Diversification Opportunities for Apple and HANOVER INSURANCE

0.66
  Correlation Coefficient

Poor diversification

The 3 months correlation between Apple and HANOVER is 0.66. Overlapping area represents the amount of risk that can be diversified away by holding Apple Inc and HANOVER INSURANCE in the same portfolio, assuming nothing else is changed. The correlation between historical prices or returns on HANOVER INSURANCE and Apple is a relative statistical measure of the degree to which these equity instruments tend to move together. The correlation coefficient measures the extent to which returns on Apple Inc are associated (or correlated) with HANOVER INSURANCE. Values of the correlation coefficient range from -1 to +1, where. The correlation of zero (0) is possible when the price movement of HANOVER INSURANCE has no effect on the direction of Apple i.e., Apple and HANOVER INSURANCE go up and down completely randomly.

Pair Corralation between Apple and HANOVER INSURANCE

Assuming the 90 days trading horizon Apple is expected to generate 1.37 times less return on investment than HANOVER INSURANCE. In addition to that, Apple is 1.16 times more volatile than HANOVER INSURANCE. It trades about 0.07 of its total potential returns per unit of risk. HANOVER INSURANCE is currently generating about 0.11 per unit of volatility. If you would invest  10,690  in HANOVER INSURANCE on August 25, 2024 and sell it today you would earn a total of  4,510  from holding HANOVER INSURANCE or generate 42.19% return on investment over 90 days.
Time Period3 Months [change]
DirectionMoves Together 
StrengthSignificant
Accuracy100.0%
ValuesDaily Returns

Apple Inc  vs.  HANOVER INSURANCE

 Performance 
       Timeline  
Apple Inc 

Risk-Adjusted Performance

6 of 100

 
Weak
 
Strong
Modest
Compared to the overall equity markets, risk-adjusted returns on investments in Apple Inc are ranked lower than 6 (%) of all global equities and portfolios over the last 90 days. In spite of rather fragile fundamental indicators, Apple may actually be approaching a critical reversion point that can send shares even higher in December 2024.
HANOVER INSURANCE 

Risk-Adjusted Performance

20 of 100

 
Weak
 
Strong
Solid
Compared to the overall equity markets, risk-adjusted returns on investments in HANOVER INSURANCE are ranked lower than 20 (%) of all global equities and portfolios over the last 90 days. In spite of rather uncertain basic indicators, HANOVER INSURANCE exhibited solid returns over the last few months and may actually be approaching a breakup point.

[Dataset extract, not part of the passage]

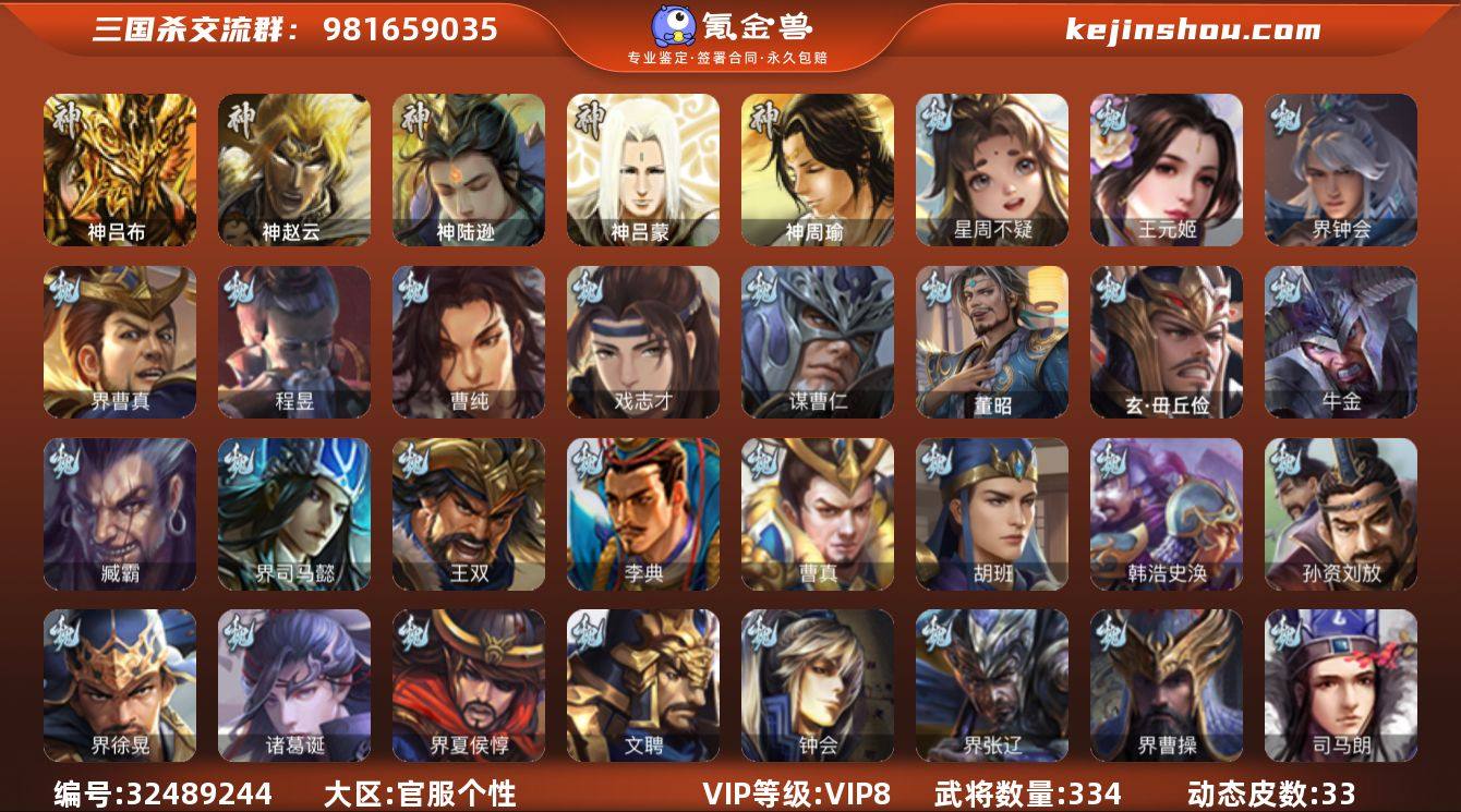 官阶:大将军;VIP等级:VIP8;史诗武将数量:33;动态皮肤数量:33;武将总数:334;史诗宝珠数量:0;将魂数量:11000;神将:3;魏国史诗武将:26;蜀国史诗武将:7;吴国史诗武将:3;群史诗武将:12

Apple and HANOVER INSURANCE Volatility Contrast

   Predicted Return Density   
       Returns  

Pair Trading with Apple and HANOVER INSURANCE

The main advantage of trading using opposite Apple and HANOVER INSURANCE positions is that it hedges away some unsystematic risk. Because of two separate transactions, even if Apple position performs unexpectedly, HANOVER INSURANCE can make up some of the losses. Pair trading also minimizes risk from directional movements in the market. For example, if an entire industry or sector drops because of unexpected headlines, the short position in HANOVER INSURANCE will offset losses from the drop in HANOVER INSURANCE's long position.
The idea behind Apple Inc and HANOVER INSURANCE pairs trading is to make the combined position market-neutral, meaning the overall market's direction will not affect its win or loss (or potential downside or upside). This can be achieved by designing a pairs trade with two highly correlated stocks or equities that operate in a similar space or sector, making it possible to obtain profits through simple and relatively low-risk investment.
Check out your portfolio center.
Note that this page's information should be used as a complementary analysis to find the right mix of equity instruments to add to your existing portfolios or create a brand new portfolio. You can also try the Risk-Return Analysis module to view associations between returns expected from investment and the risk you assume.